In the records below, find the line containing "ZESTAW KUBEK +" and the line containing "광교빌리지 [식단안내] 2026년". Give again exactly those lines and every line between them, omitting the pictures.

**PROVIDED RECORDS:**
------------

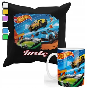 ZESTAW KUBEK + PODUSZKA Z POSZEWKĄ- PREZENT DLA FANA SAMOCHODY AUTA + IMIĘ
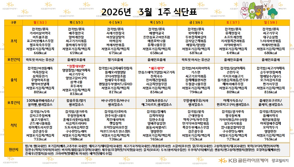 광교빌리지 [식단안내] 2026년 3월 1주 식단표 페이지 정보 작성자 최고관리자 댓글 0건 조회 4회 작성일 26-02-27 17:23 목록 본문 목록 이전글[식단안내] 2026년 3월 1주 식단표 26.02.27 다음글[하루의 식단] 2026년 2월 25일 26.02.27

------------

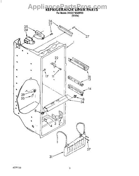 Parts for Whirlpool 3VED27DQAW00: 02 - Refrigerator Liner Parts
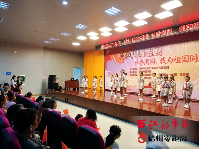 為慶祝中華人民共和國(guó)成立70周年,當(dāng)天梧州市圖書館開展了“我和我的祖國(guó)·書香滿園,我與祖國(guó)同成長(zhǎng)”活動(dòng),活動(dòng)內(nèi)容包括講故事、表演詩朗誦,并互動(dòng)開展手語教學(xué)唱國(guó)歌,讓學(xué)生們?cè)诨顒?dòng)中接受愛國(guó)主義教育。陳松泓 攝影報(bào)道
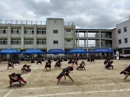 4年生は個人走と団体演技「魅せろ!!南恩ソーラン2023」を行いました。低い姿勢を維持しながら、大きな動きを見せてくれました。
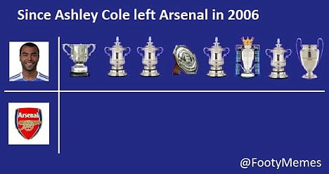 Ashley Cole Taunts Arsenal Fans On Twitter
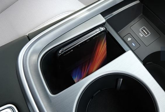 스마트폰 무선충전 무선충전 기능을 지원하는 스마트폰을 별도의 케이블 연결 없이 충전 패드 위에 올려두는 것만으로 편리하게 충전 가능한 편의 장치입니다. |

------------

**REPLY TO THE EXERCISE:**
 ZESTAW KUBEK + PODUSZKA Z POSZEWKĄ- PREZENT DLA FANA SAMOCHODY AUTA + IMIĘ
 광교빌리지 [식단안내] 2026년 3월 1주 식단표 페이지 정보 작성자 최고관리자 댓글 0건 조회 4회 작성일 26-02-27 17:23 목록 본문 목록 이전글[식단안내] 2026년 3월 1주 식단표 26.02.27 다음글[하루의 식단] 2026년 2월 25일 26.02.27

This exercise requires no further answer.